Prof.Dr. Metin Başaranoğlu Alfa Yayınları’ndan çıkan kitabı Karaciğerimizi Fruktoz Şurubundan Neden Korumalıyız’da 7’den 70’e herkesi ilgilendiren bir hastalığın ciddiyetine dikkat çekiyor. Başaranoğlu kitapta, tedavisi olmayan hastalığın tehlikelerine karşı nerede yanlış yapılıyor ya da sağlığımızı nasıl koruyabiliriz konularında aydınlatıcı açıklamalarla yol gösteriyor.

 

Bundan 30 yıl öncesine kadar bir dönem margarin/trans yağ ülkemizin en çok satanıydı, uğruna kuyruklara giriliyordu hatırlatması yapan Başaranoğlu, bugün evlerimize trans 


yağı sokmasak da ev dışında yediklerimizle vücudumuzu trans yağla dolduruyoruz diyor. Hamburger, döner, patates kızartması, bisküvi, cips, poğaça, çikolata ve früktoz şurubuyla yapılan meşrubatlar karaciğer yağlanmasına ve siroza davetiye çıkarıyor.

 

UNUTMAYIN: Metabolik bozukluk neticesinde gelişen yağlı karaciğer hastalığının bilinen, kabul edilmiş ve onaylanmış ilaç ya da cerrahi tedavisi bulunmamaktadır.

 

ANNE-BABALAR DİKKAT: İlkokul çağındaki çocuklar bile yağlı karaciğer hastası olur.

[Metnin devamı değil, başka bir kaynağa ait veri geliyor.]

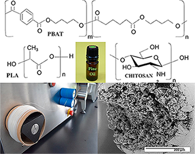 Biodegradable aliphatic polyesters are an alternative to reduce the use of synthetic plastic materials that cause severe damage to the environment. Formulations based on poly (lactic acid) (PLA) and poly (butylene adipate-co-terephthalate) (PBAT), were mixed in a 60:40 ratio, adding different concentrations of pine essential oil through the use of extrusion technology to obtain biodegradable polymer fibers. Some formulations were coated with chitosan. All the elaborated fibers were characterized by Scanning Electron Microscopy (SEM), Fourier Transform Infrared Spectroscopy-Attenuated Total Reflection (FTIR-ATR), Differential Scanning Calorimetry (DSC), X-ray Diffraction (XRD) and mechanical properties. The SEM studies showed that the PBAT improves the tenacity and provides greater elasticity promoting the interaction between the blends phases with fibril formation. In the FTIR-ATR analysis, compatibility between the blends was observed due to a possible interaction of the carbonyl group of PBAT with PLA. The DSC and the mechanical properties showed partial miscibility of the blends, indicating, that the plasticizing action of the essential oil gave greater mobility, flexibility, less rigidity and crystallization in the blends. A lower Young's modulus and greater elongation at break was also observed.

UZAK DURUN: Trans yağ, doymuş yağ ve mısır şurubu kökenli sanayi tipi  fruktoz içeren işlenmiş gıdaların ve içeceklerin hepsinden uzak durun!

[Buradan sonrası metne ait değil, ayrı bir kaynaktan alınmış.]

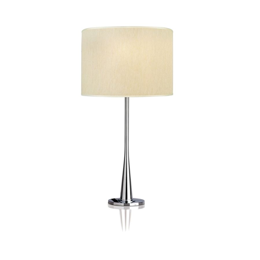 Made up of an immediate design structure in chromed metal (available in chrome, nickel and light gold finishes) and a cylindrical lampshade in ivory fabric, this table or bedside table item fits perfectly in bedrooms and common areas.

VİTAMİNLER YAĞLI KARACİĞERİ İYİLEŞTİREBİLİR Mİ?  E Vitamini – İyileştirmez / C Vitamini – İyileştirici özelliği bulunamadı / D Vitamini iyileştirici etkisi bulunamadı.

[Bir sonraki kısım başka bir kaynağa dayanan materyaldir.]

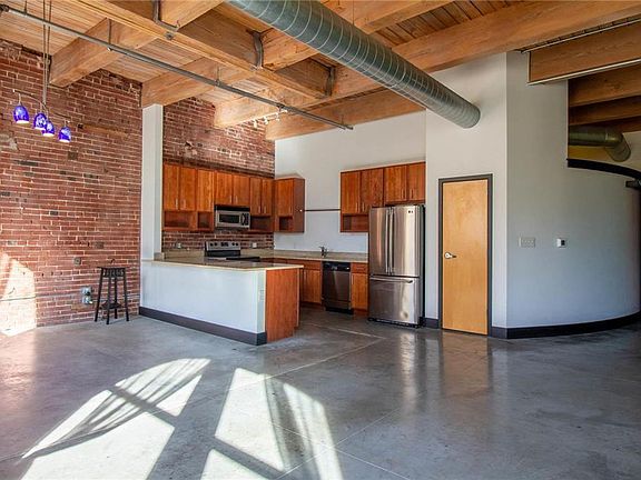 Open concept livingGranite countertopsExposed brickStainless appliancesHuge windowsWood plank ceilings

KAHVE MUCİZE Mİ? Usulüne göre yapılmış 3 – 4 fincan  türk kahvesinin yağlı karaciğerin  şişman sirozuna gidişinde engelleyici bir rolü olabilir. Türk kahvesi, espresso, filtre kahve içilebilirken klasik veya granül kahve tüketmeyin. 

 

“Metin Başaranoğlu bu çok önemli çalışmasıyla aslında psikolojik, sosyolojik ve antropolojik nedenleri olan ve gelecek yüzyıllarda insanlığın çöküşünü başlatabilecek önemde bir hastalığı tanımlıyor ve gün yüzüne çıkarıyor.

 

İhtiyacı olan enerjiden daha fazlasını tüketmek ve bu tüketimini insan doğasına uygun olmayan kaynaklardan sağlamak, insanlığı metabolik sendrom denen yeni bir olguyla karşı karşıya getirdi. Bel çevresi kalın, tansiyonu yüksek, kan yağları bozuk, kan şekeri kardiyometabolik riskleri yüksek olan bu insanlar sonuçta Başaranoğlu’nun tanımladığı Şişman Sirozu adayları oluyor. Biyolojik çeşitliliğin azalması, iklimin olumsuz değişikliği, nüfus artışı, adaletsiz paylaşım ve insan doğasına aykırı yaşam tarzları artık tüm dünyayı aynı derecede ilgilendirmektedir. Birleşmiş Milletler Gıda ve Tarım Örgütünün (FAO) verilerine göre dünya üzerinde 300.000’e yakın yenilenebilir bitki çeşidi bulunurken Amerikan Bitki Bilim Topluluğunun verilerine göre tüm dünyadaki gıda ihtiyacının yaklaşık %95’i yalnızca 30 kadar farklı bitki üründen elde edilmektedir.

 

Diğer yandan yaklaşık 1 milyar insan ihtiyacı olan enerjiyi temin edemediği için açlık çekerken ondan daha fazla insan şişmanlığın oluşturduğu hastalıklarla boğuşmaktadır. İşin ironik yanı ise yıllık üretilen 4 milyar ton gıdanın 1,3 milyar tonunun hiç tüketilmeden çöpe atılmasıdır. Sınıf arkadaşım değerli bilim insanı Metin Başaranoğlu’nu kutluyor, insanlığın geleceğine olumlu katkılar yapmasını diliyorum.”